Tetracycline treatment retards the onset and slows the progression of diabetes in human amylin transgenic mice

Abstract

OBJECTIVE--Aggregation of human amylin/islet amyloid polypeptide (hA/hIAPP) into small soluble [beta]-sheet-containing oligomers is linked to islet [beta]-cell degeneration and the pathogenesis of type 2 diabetes. Here, we used tetracycline, which modifies hA/hIAPP oligomerization, to probe mechanisms whereby hA/hIAPP causes diabetes in hemizygous hA/hIAPP-transgenic mice.
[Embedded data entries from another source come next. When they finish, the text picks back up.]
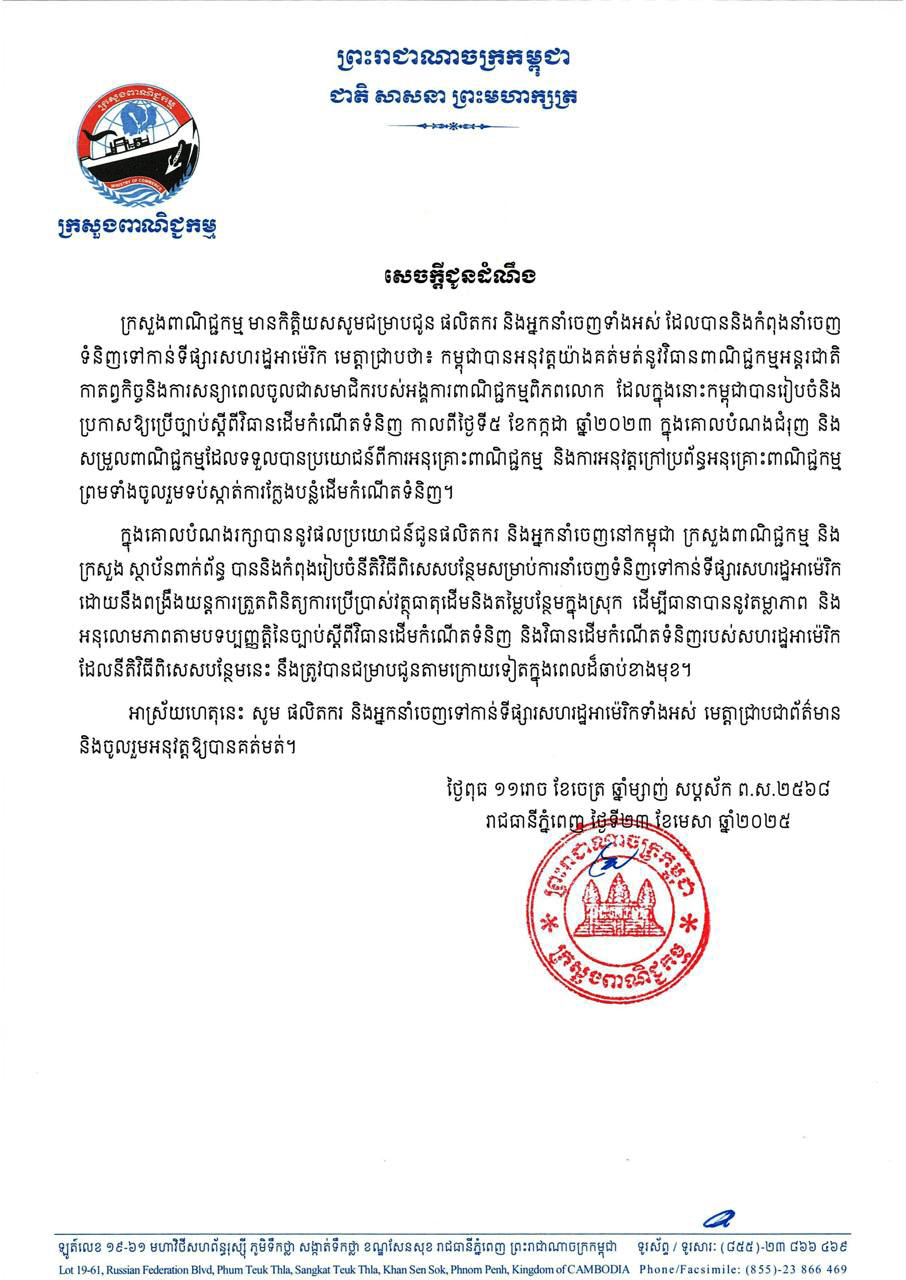 សេចក្តីជូនដំណឹង ស្តីពី កម្ពុជាបាននិងកំពុងរៀបចំនីតិវិធីពិសេសបន្ថែមសម្រាប់ការនាំចេញទំនិញទៅកាន់ទីផ្សារសហរដ្ឋអាម៉េរិក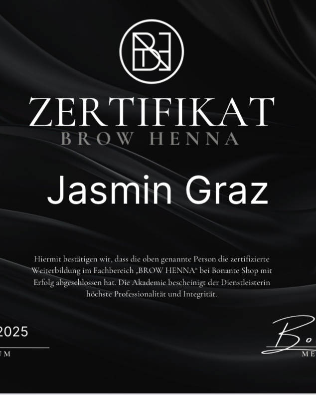 Ich bin Jasmin Graz bin 24 Jahre jung und verwirkliche gerade meinen Traum von einem kleinen Homestudio , Kosmetik war schon immer meins und um so mehr freue ich mich das ich diesen Weg gewählt habe und andere Frauen glücklich machen kann 😊ich freue mich schon auf jeden einzelnen und auf tolle Bewertungen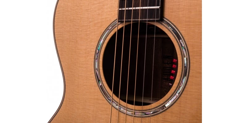 Not only do you get top quality hand built instrument you also get spectacular hardware. The Auden Chester OOO has the Brad Clark Supernatural Pre-amp, an all-new system that has left us highly impressed here at Merchant City Music. The Supernatural comprises two sensors: 1) Super Discrete Power bridge sensor (SDP) and 2) the Supernatural face sensor (FS). These are inputted into a programmable preamplifier. The sounds are “tuned” by professional musicians and pre-stored into the chip. There are four presets of sounds to suit most guitars, scenarios and styles. This system claims to provide unprecedented realism and flexibility, and, having experienced it, we’d have to agree! It is also incredibly lightweight, and does not compromise the guitar’s acoustic performance.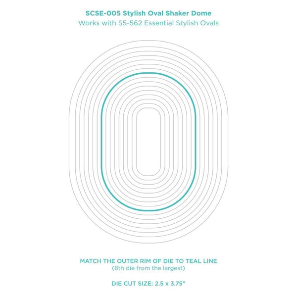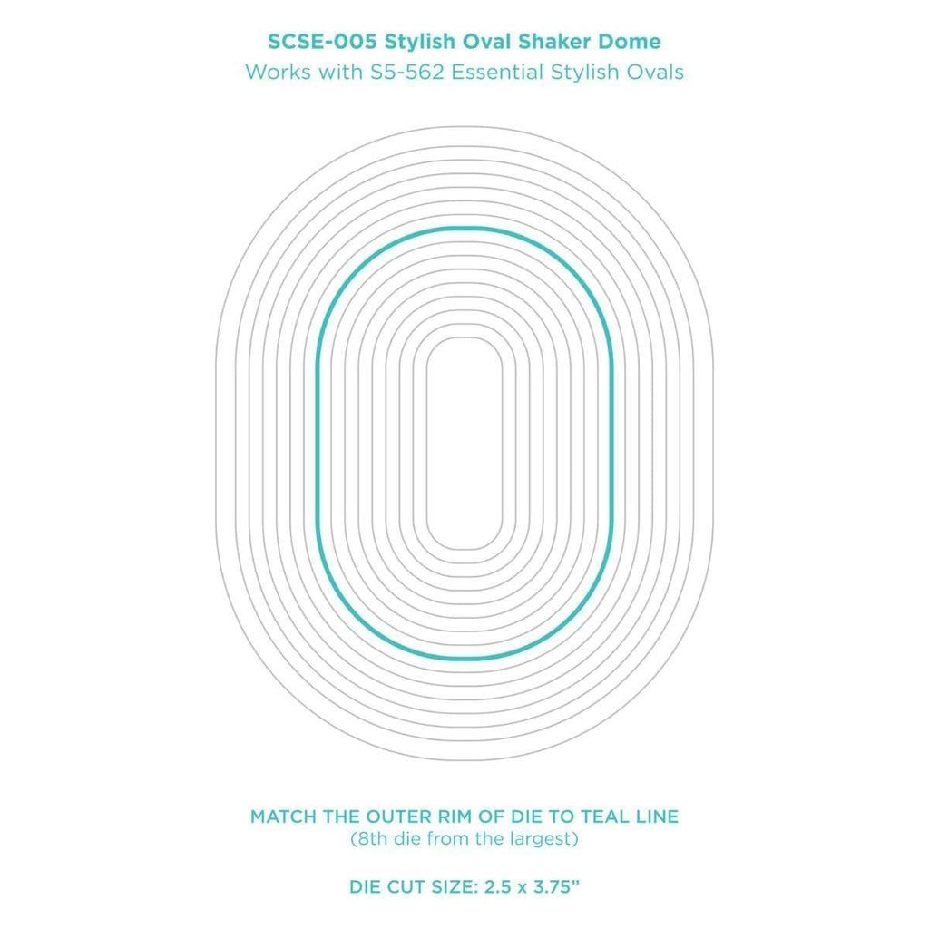 Stylish Oval Shaker Dome comes in a pack of six clear shaker domes. The raised area measures 0.38 inches so you can fill it with chunky glitter, shaker mixes and more for a wonderful interactive project! Add to your card, scrapbook layout, home décor and beyond. Works well with S5-562 Essential Stylish Ovals Etched Dies to die-cut patterned paper, stamped images or even a photo to add to the inside.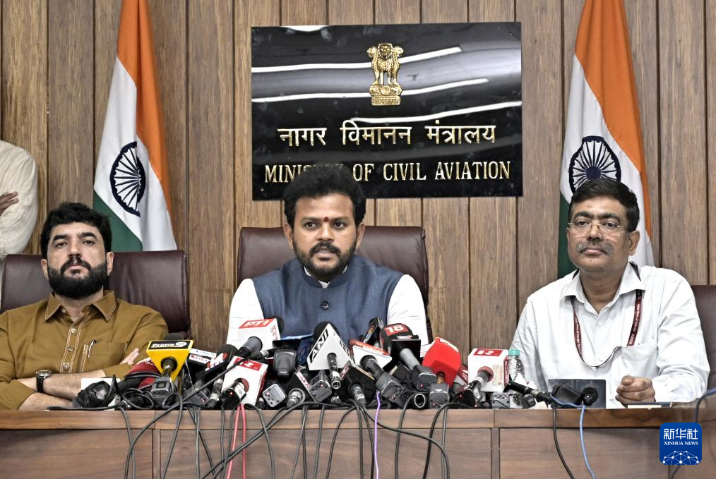 6月14日,印度航空部長(zhǎng)拉姆·莫漢·奈杜在新德里出席新聞發(fā)布會(huì)。新華社發(fā)(印度政府新聞信息局供圖)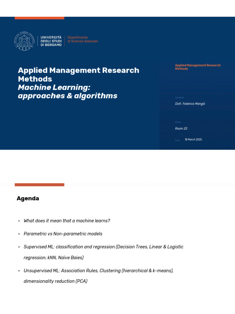 • Supervised ML: classification and regression (Decision Trees, Linear & Logistic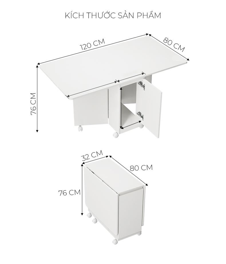*** Quý khách hàng vui lòng chọn sản phẩm nhà bán TUNDO để nhận được sản phẩm đúng với chất lượng *** Kích Thước Phủ Bì ( Ngang x Sâu x Cao )cm - Bàn Gấp Cánh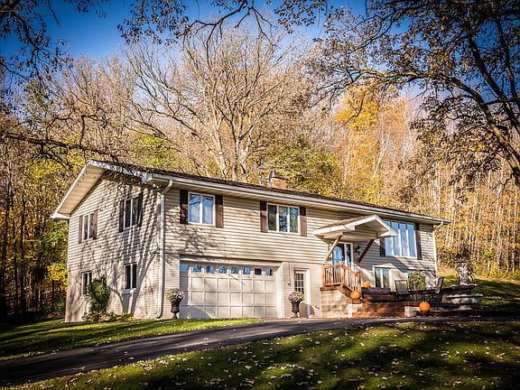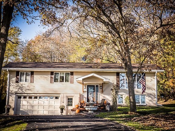 Close to town and only 2 miles to school boasting 10.3 wooded acres of wildlife this home is your place to unwind on weekends and let your children roam. Beautiful stamped concrete entry and paved circle driveway leads to your insulated and heated 28X40 shed, with storage above. Home offers a full finished basement with wood burning fireplace and bathroom. Upstairs you will enjoy a living room area with adjacent open kitchen and dining space. Dedicated laundry area off the kitchen is convenient for families. The backyard deck off the kitchen is a great area for grilling while you watch the kids play out back. 3 bedrooms and 2 bathrooms complete the upper level. The attached garage will keep you warm and dry all winter. Home features a private well-with amazing water quality and private conventional sewer system. This home is structurally sound, solid and cared for. We are the second owners and have lived here since 1996.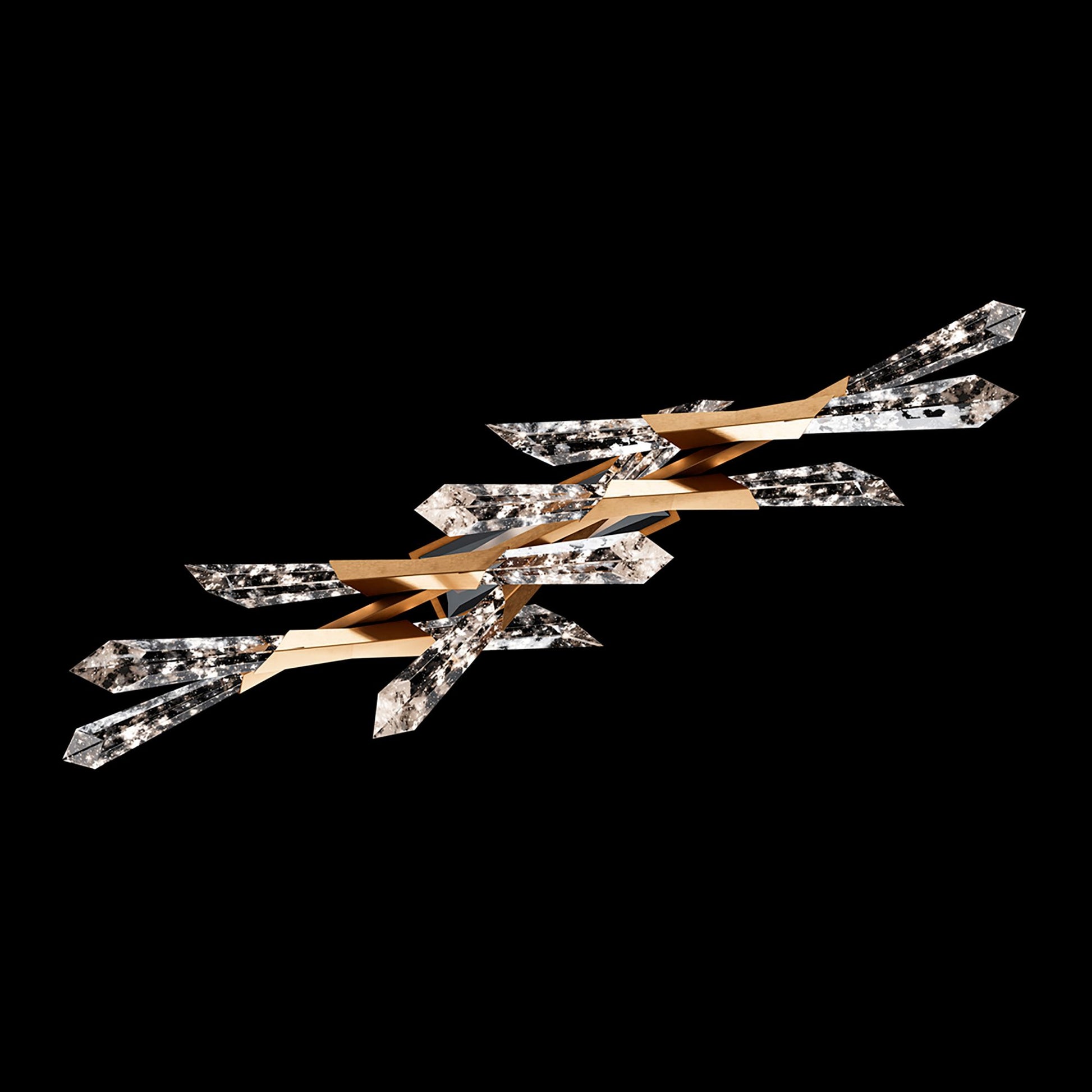 • Aged brass finish over steel frame. Optic haze quartz crystal diffusers.

RESEARCH DESIGN AND METHODS--We chronically treated hemizygous hA/hIAPP transgenic mice with oral tetracycline to determine its effects on rates of diabetes initiation, progression, and survival. RESULTS--Homozygous mice developed severe spontaneous diabetes due to islet [beta]-cell loss. Hemizygous transgenic animals also developed spontaneous diabetes, although severity was less and progression rates slower. Pathogenesis was characterized by initial islet [beta]-cell dysfunction followed by progressive [beta]-cell loss. Islet amyloid was absent from hemizygous animals with early-onset diabetes and correlated positively with longevity. Some long-lived nondiabetic hemizygous animals also had large isletamyloid areas, showing that amyloid itself was not intrinsically cytotoxic. Administration of tetracycline dose-dependently ameliorated hyperglycemia and polydipsia, delayed rates of diabetes initiation and progression, and increased longevity compared with water-treated controls. CONCLUSIONS--This is the first report to show that treating hA/hIAPP transgenic mice with a modifier of hA/hIAPP misfolding can ameliorate their diabetic phenotype. Fibrillar amyloid was neither necessary nor sufficient to cause diabetes and indeed was positively correlated with longevity therein, whereas early-to mid-stage diabetes was associated with islet [beta]-cell dysfunction followed by [beta]-cell loss. Interventions capable of suppressing misfolding in soluble hA/hIAPP oligomers rather than mature fibrils may have potential for treating or preventing type 2 diabetes.